I wonder how many other people find that bond is the thing that makes the game for them, I wouldn’t be surprised to learn it’s a large number. Minecraft is a very basic, buggy game with barely any features and many problems but it has that character to it that really appeals to a shared sense of wonder and collaboration and it think it’s quite possibly that, over any of the other things, that make the game as compelling as it is. The single player manages some of that to a degree but the multiplayer experience really is something else. Saying that, I don’t think I’d enjoy it in a public server nearly as much as I’m enjoying playing it alone with my wife. That sense of intimacy is what makes the game for me and that would be lost playing over the internet with strangers. Perhaps though, playing with friends I already know, a similar kind of feeling could be achieved, just imagining it I can already feel a taste of that compelling experience, the primed potential just waiting to be expressed.

I’m rarely moved by games, in fact generally I don’t play many mainstream games because they seem very empty and soulless. Many are the same as all the others and even though they may have their own unique identity they are still based around a core that is all to recognisable. First Person Shooters are particularly bad for this, but it exists to a lesser extent in the other genres.

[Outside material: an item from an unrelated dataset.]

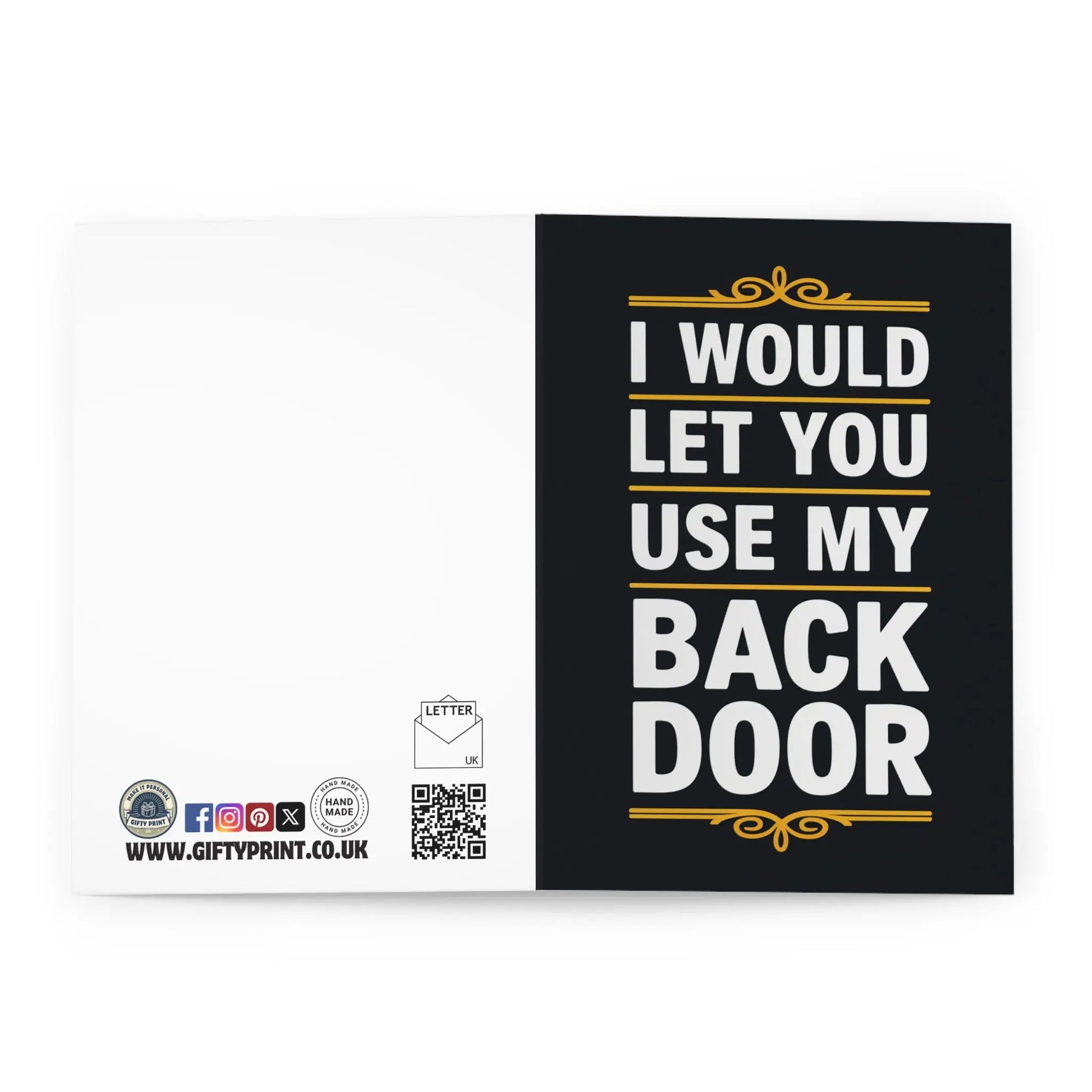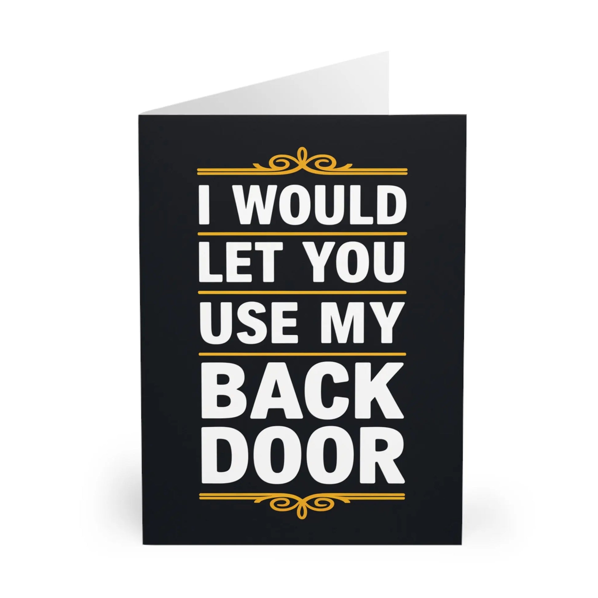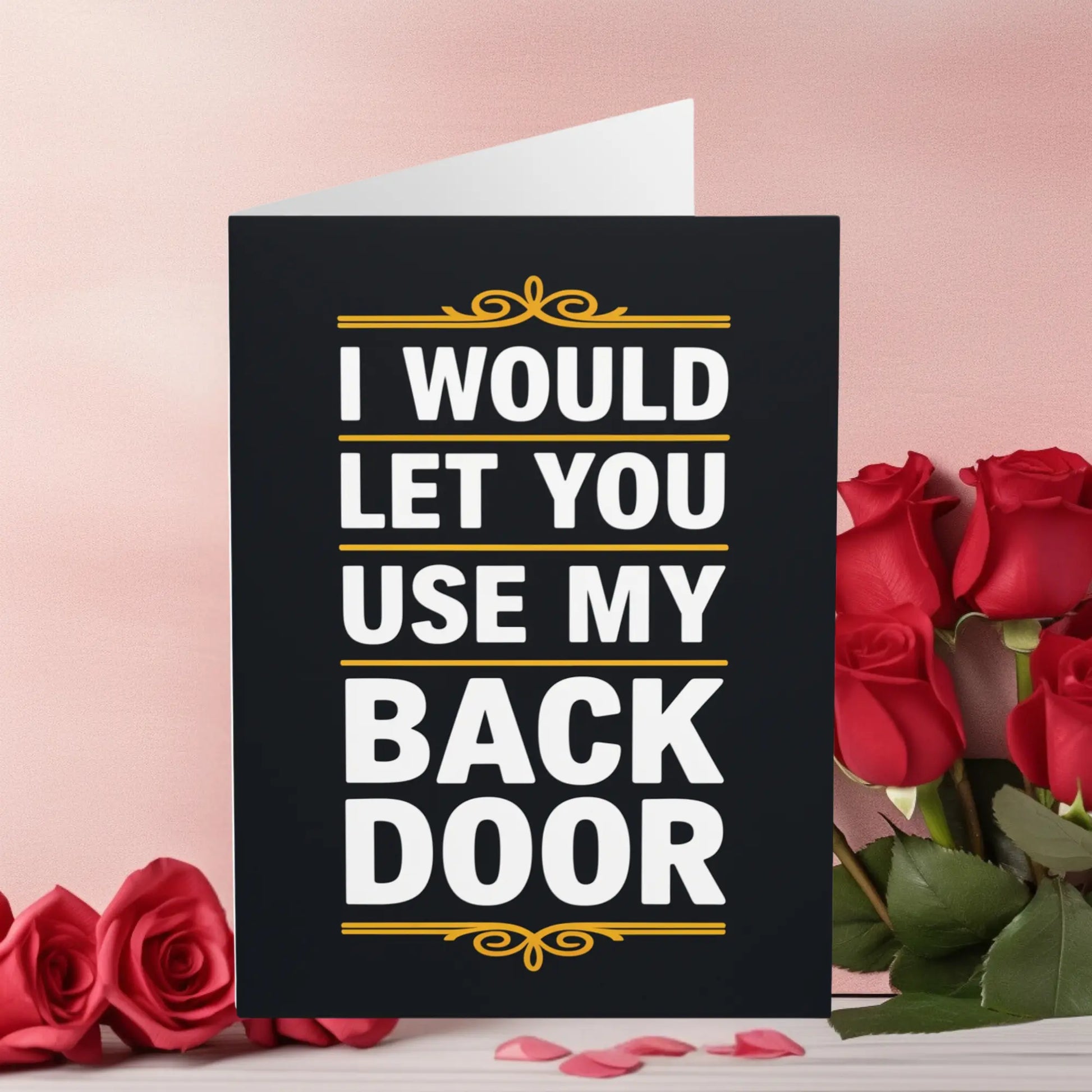 Funny Valentines Day Card, Looking for a cheeky, playful way to express your love this Valentine's Day? Look no further than this card with a double meaning - "I Would Let You Use My Back Door". With a playful tone and a subtle hint, this card is sure to make your significant other laugh and feel special.

Minecraft however has really made a real impact with me. I haven’t been this effected by a game since Aquaria, which is still one of my favourite games of all time and still astounds me with it’s simplicity and beauty. Indie games are the future and the strongest case for games as art as anyone could hope for. I doubt you’ll ever see a game that can provoke such a profound experience from a large publisher, though I’d love to be proved wrong.